Closed aronmolnar closed 1 year ago
Hi @TheZ3ro, You downvoted this issue. Can you explain what speaks against it?
Hi @aronmolnar, Thanks for asking my opinion, I will leave my humble 2 cent here 😄 :
I pretty much agree with the issues you already described (privacy issues, compliance issues, cost issues).
I don't like LLMs used in this context because they are not 100% reliable and are prone to AI hallucination (https://www.forbes.com/sites/mollybohannon/2023/06/08/lawyer-used-chatgpt-in-court-and-cited-fake-cases-a-judge-is-considering-sanctions/). Immagine creating a finding template for SQL injections and the AI filling it with bogus CVEs/CWEs information that the pentester/reporter will not check and will end up into the final deliverable.
Moreover, reports are the only product of a pentester's work that gets visibility to the final customer. I think that writing reports is still part of the pentester work. It is nice to speed up the process by avoiding writing whole paragraphs and re-use text, but using AI for it is a "No" on my side.
Thanks for your explanation. Yeah, there are issues with reliability and hallucinations, absolutely.
The same issues exist for example when coding with AI support (like GitHub co-pilot). We would see the application for it rather for finding templates, which need to be reviewed and reworked by pentesters in any case.

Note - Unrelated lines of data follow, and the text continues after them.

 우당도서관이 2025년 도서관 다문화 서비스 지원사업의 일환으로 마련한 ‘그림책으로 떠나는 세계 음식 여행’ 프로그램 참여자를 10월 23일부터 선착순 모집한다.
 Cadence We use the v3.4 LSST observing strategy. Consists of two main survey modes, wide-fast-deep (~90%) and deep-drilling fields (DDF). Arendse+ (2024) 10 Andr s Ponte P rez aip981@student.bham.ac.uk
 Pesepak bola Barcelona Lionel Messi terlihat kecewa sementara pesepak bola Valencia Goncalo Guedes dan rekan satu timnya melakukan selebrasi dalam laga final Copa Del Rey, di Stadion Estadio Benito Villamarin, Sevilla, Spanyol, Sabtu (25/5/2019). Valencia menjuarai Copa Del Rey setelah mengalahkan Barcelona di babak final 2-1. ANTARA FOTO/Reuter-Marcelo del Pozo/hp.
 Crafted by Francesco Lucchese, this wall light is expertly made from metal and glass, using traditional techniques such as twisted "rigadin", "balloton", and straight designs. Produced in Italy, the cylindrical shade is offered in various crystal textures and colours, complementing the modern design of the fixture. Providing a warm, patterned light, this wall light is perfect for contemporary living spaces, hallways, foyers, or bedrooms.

We have done some experiments while writing our latest whitepaper regarding our performed IT-Security study that will be released soon, using ChatGPT in the latest pro-plan version with the following conclusion:
LLMs are good tools for getting inspired/started or writing the boring stuff like introductions or entry-level information about some concepts. However, as soon as it gets to data analytics and more complex topics (and that is always the case with pentest reports - at least on our side), it seems to be more work and time effort in checking and correcting the output rather than writing the needed text about the identified security risks or vulnerabilities by yourself.

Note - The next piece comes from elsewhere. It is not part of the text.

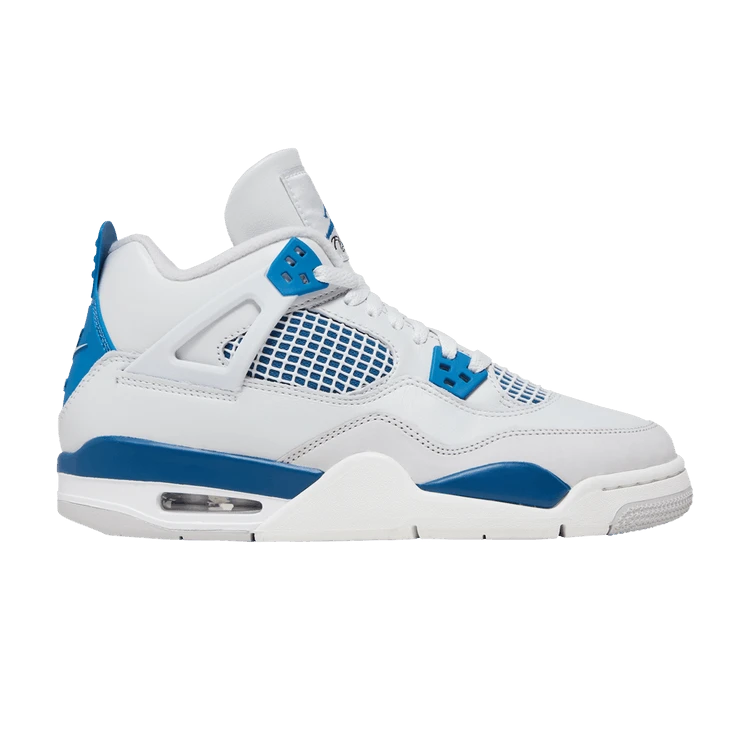Made for big kids, the 2024 reissue of the Air Jordan 4 Retro GS ‘Military Blue’ brings back one of the four OG colorways of the classic silhouette. The off-white leather upper is equipped with TPU support wings and breathable quarter panel netting. Bright blue accents make their way to molded eyelets, a woven Jumpman tongue tag, and a back tab embellished with Nike Air branding. The lightweight polyurethane midsole features a blue topline and exposed Air-sole cushioning in the heel.

A possibly valid scenario on the other hand can be translating a self-written finding in native language to foreign languages with a higher quality of speech.

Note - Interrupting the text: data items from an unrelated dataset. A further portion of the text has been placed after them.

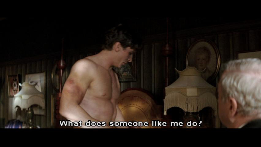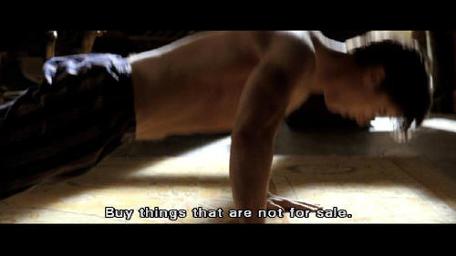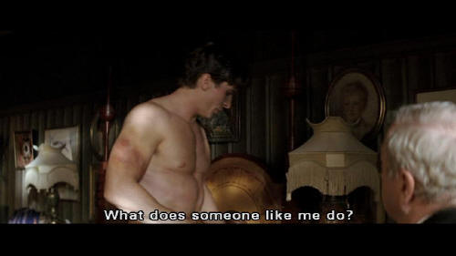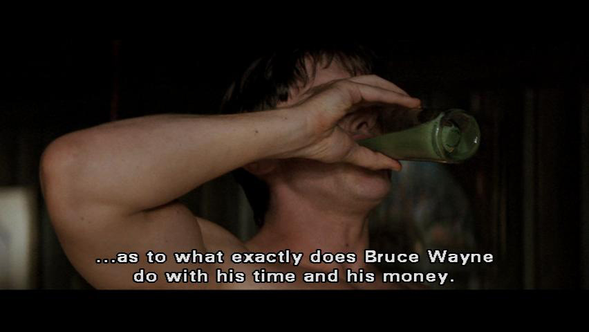 [Alfred] Strange injuries, a nonexistent social life. These things beg the question ... as to what exactly does Bruce Wayne do with his time and his money. [Bruce] What does someone like me do? [Alfred] Drive sports cars, date movie stars. Buy things that are not for sale. Who knows, Master Wayne, you start pretending to have fun ...
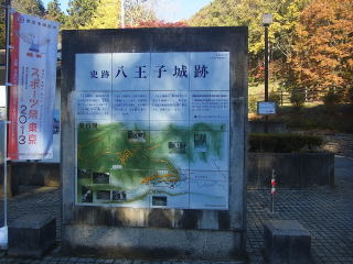 | 八王子城跡公園管理棟前の案内。ここでも背景の紅葉が目立つ。 |
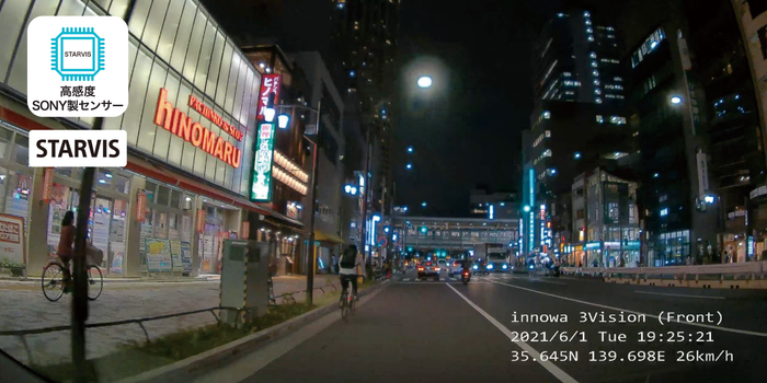 ■フロントカメラは SONY STARVIS(フロント) CMOSイメージセンサーを採用しました。 STARVISの特徴である暗い場所での画質向上を最大限に生かし、夜間の画質を飛躍的にアップさせました。

We have done some experiments while writing our latest whitepaper regarding our performed IT-Security study that will be released soon, using ChatGPT in the latest pro-plan version with the following conclusion:
LLMs are good tools for getting inspired/started or writing the boring stuff like introductions or entry-level information about some concepts. However, as soon as it gets to data analytics and more complex topics (and that is always the case with pentest reports - at least on our side), it seems to be more work and time effort in checking and correcting the output rather than writing the needed text about the identified security risks or vulnerabilities by yourself.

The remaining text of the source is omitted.